Data Analytics Portal

Doug

INDUSTRY

Real Estate

Type

Business Application

Overview & Challenges

Our client specialized in identifying real estate investment opportunities with a strong focus on the value derived from extensive data analysis. He identified multiple data sources that, if consolidated, transformed, connected, and analyzed, could provide significant insights. The primary challenge was the vast amount of data to be processed—ranging in terabytes, all packaged in numerous small zip files. The client required a sophisticated automation system to orchestrate these complex processes and needed a capable team to execute it.

Our Solution

We designed and developed an end-to-end solution to handle the entire data processing pipeline. This included automating the extraction of files from SFTP, unzipping them, validating and transforming the data, and loading it into a cloud-hosted MySQL database.

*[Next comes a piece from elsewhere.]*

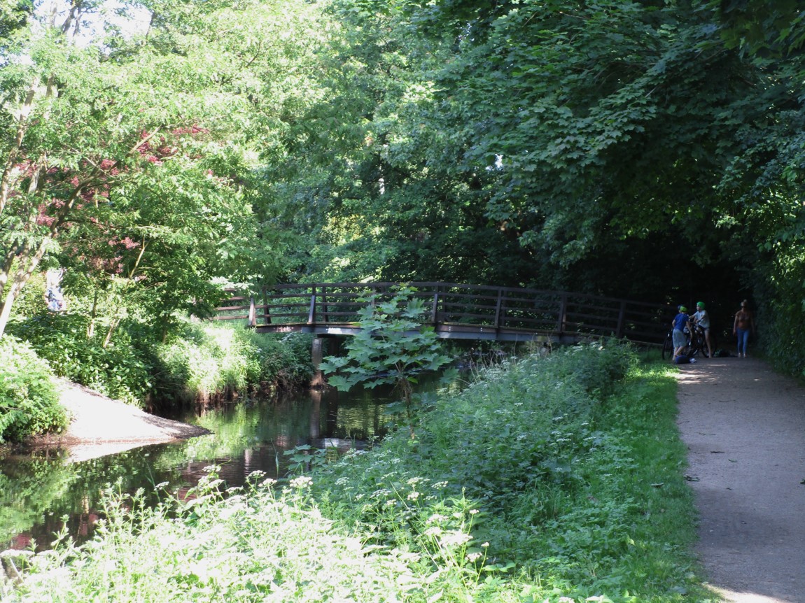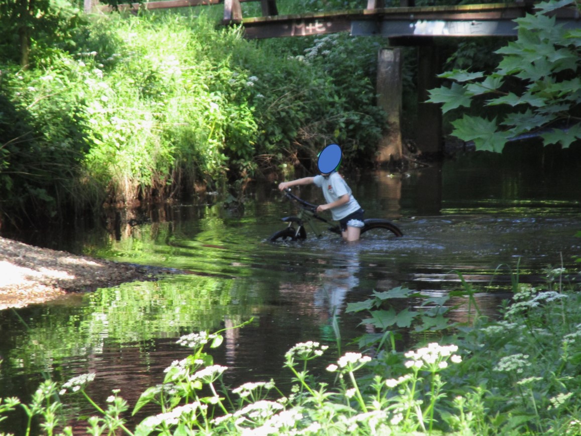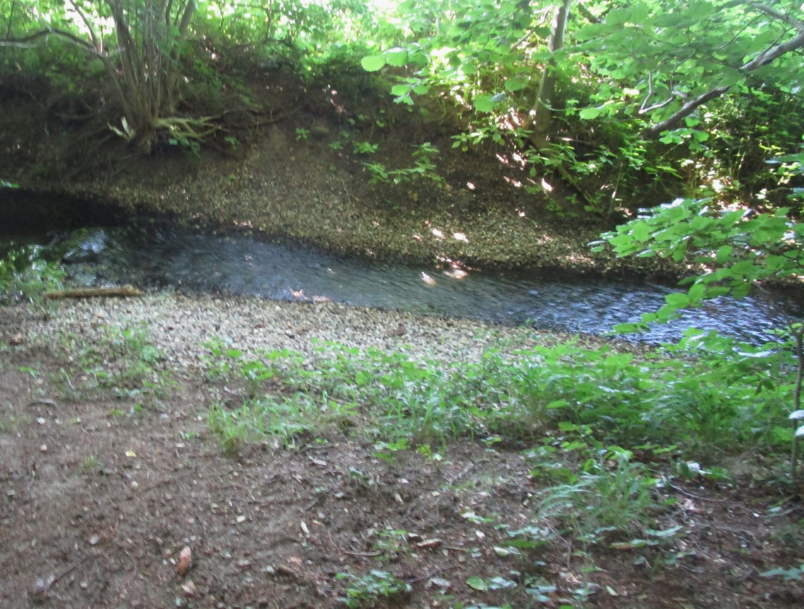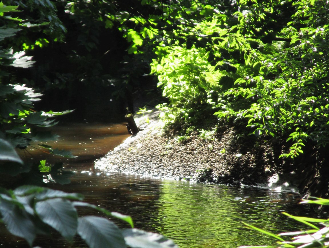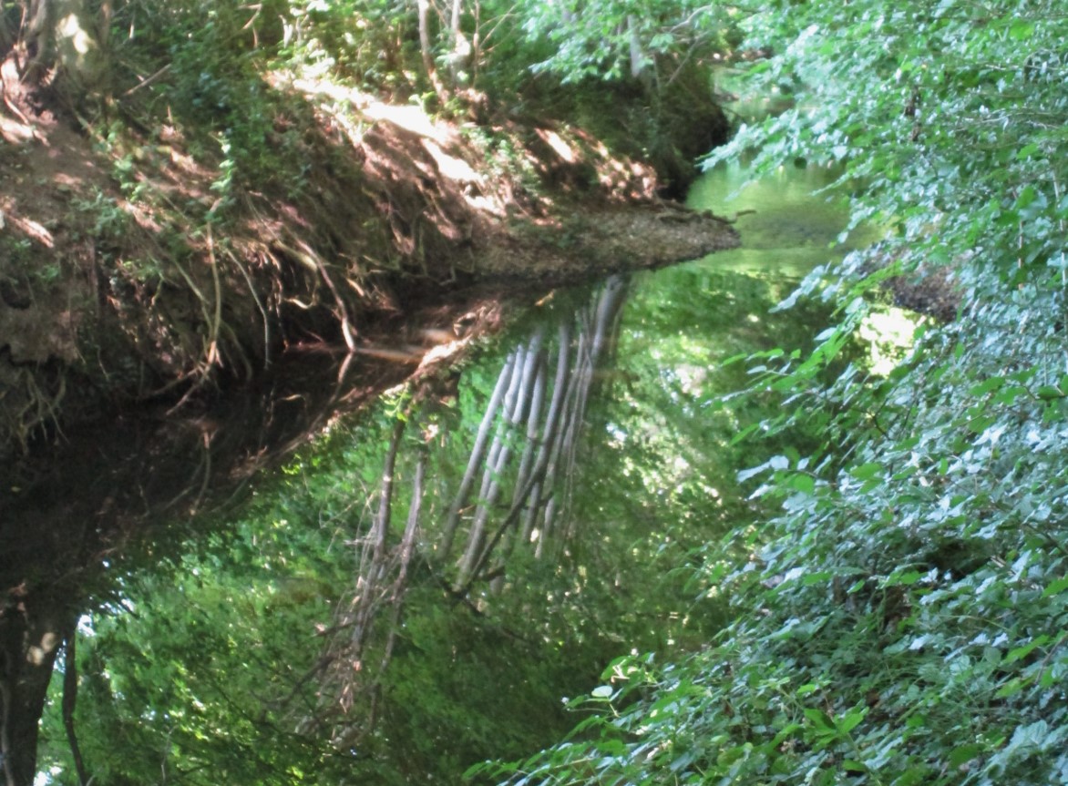 Mühlenau bachauf Bahnquerung – Beispiel schier unvorstellbarer Überbreiten unserer Fliessgewässer. Spiegel ersetzt Bewegung.

We also orchestrated the entire process to ensure seamless and efficient operation.

Key Features and Benefits

Automated Data Extraction:

Implemented a system to automatically extract files from SFTP and unzip them, significantly reducing manual intervention.

Data Validation and Transformation:

Developed robust processes to validate and transform data, ensuring high-quality and consistent information.

Cloud-Hosted MySQL Database:

Utilized a MySQL RDS to store the vast amount of data, ensuring scalability and reliability.

Data Cleaning and Normalization:

Cleaned and normalized the data model to enhance its usability and accuracy for analytics.

Advanced Data Modeling:

Stored data in multiple formats suitable for analytics and KPI generation, enabling deeper insights.

Powerful Analytics:

Provided the client with powerful analytics capabilities to identify valuable insights and trends in the data.

Technologies Used

My SQL

Python

AWS

Implementation & Results

Our team utilized advanced technologies to build a scalable and efficient automation engine for ETL (Extract, Transform, Load) processes. The solution allowed the client to experience the full value of consolidated and cleaned data, enabling the identification of insights that were previously unattainable. This not only enhanced his investment strategies but also allowed him to provide data as a service to others.

Impact

Operational Efficiency:

Streamlined the data processing pipeline, significantly reducing the time and effort required for data extraction, transformation, and loading.

Enhanced Insights:

Enabled the client to uncover valuable insights from consolidated data, improving decision-making and investment strategies.

Data as a Service:

Allowed the client to monetize the cleaned and normalized data by offering it as a service to other interested parties.

Conclusion

The project successfully delivered a robust and scalable data processing solution, transforming the client’s ability to leverage data for real estate investment insights and creating new revenue opportunities through data as a service.